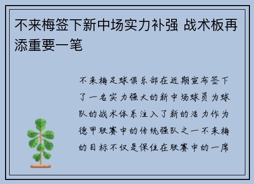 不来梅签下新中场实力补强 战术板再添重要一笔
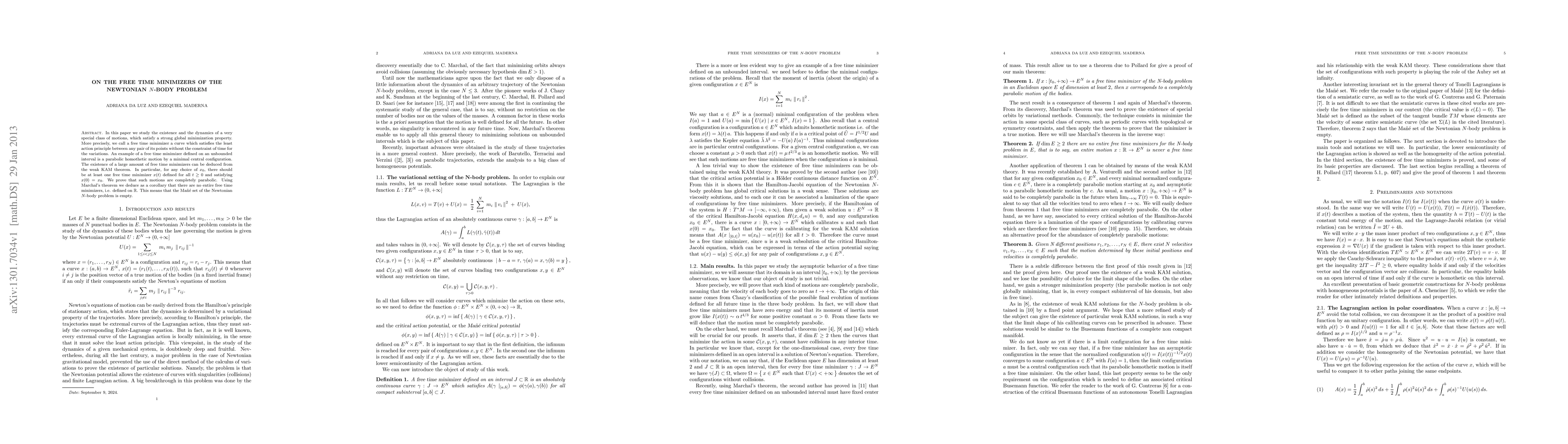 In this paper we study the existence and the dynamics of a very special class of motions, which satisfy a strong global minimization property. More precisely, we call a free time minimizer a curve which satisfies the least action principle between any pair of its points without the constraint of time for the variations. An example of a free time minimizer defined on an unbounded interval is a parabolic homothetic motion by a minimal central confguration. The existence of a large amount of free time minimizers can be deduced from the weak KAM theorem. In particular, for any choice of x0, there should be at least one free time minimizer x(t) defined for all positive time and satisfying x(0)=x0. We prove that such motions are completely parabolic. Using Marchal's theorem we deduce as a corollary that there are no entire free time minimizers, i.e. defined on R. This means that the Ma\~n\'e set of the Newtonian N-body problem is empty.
==
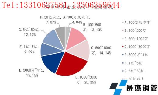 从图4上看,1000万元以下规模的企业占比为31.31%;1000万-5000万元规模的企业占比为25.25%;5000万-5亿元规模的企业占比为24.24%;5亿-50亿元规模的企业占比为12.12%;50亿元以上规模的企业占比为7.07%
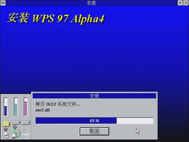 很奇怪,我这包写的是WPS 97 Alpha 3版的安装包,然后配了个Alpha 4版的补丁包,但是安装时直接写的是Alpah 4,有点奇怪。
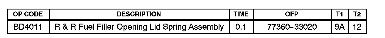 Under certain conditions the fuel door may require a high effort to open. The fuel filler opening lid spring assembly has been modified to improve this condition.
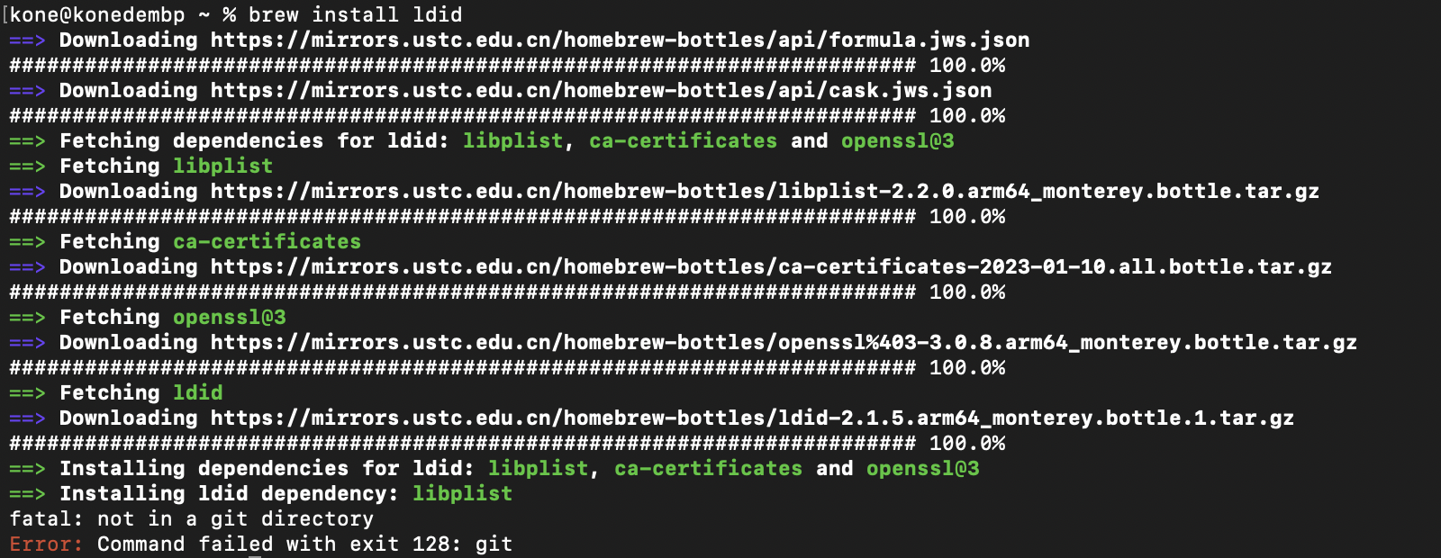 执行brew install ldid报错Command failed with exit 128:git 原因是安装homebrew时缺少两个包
==
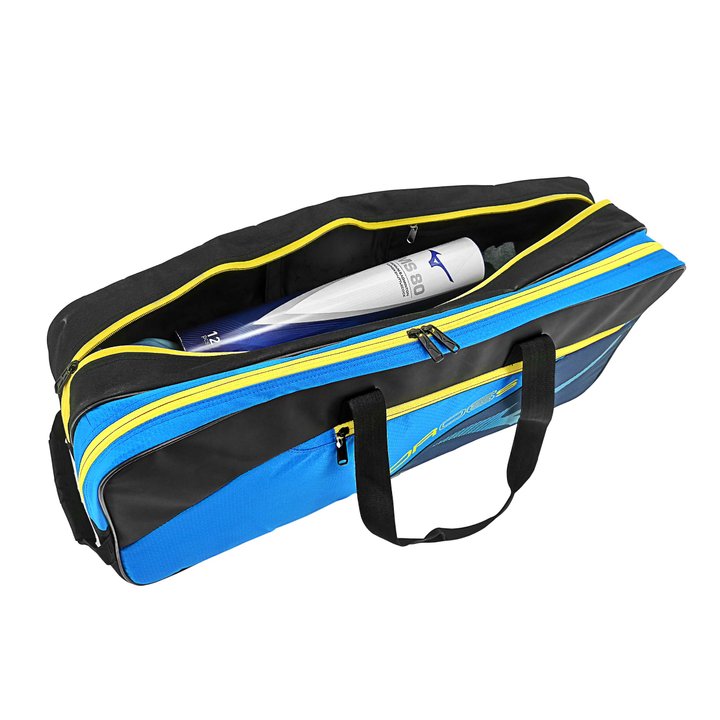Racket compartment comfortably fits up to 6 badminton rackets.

THE PROBLEM:
Look above for the line containing "很奇怪,我这包写的是WPS 97 Alpha" and the line containing "执行brew install ldid报错Command", then reproduce both and everything between them exactly, pictures omitted.

YOUR RESPONSE:
 很奇怪,我这包写的是WPS 97 Alpha 3版的安装包,然后配了个Alpha 4版的补丁包,但是安装时直接写的是Alpah 4,有点奇怪。
 Under certain conditions the fuel door may require a high effort to open. The fuel filler opening lid spring assembly has been modified to improve this condition.
 执行brew install ldid报错Command failed with exit 128:git 原因是安装homebrew时缺少两个包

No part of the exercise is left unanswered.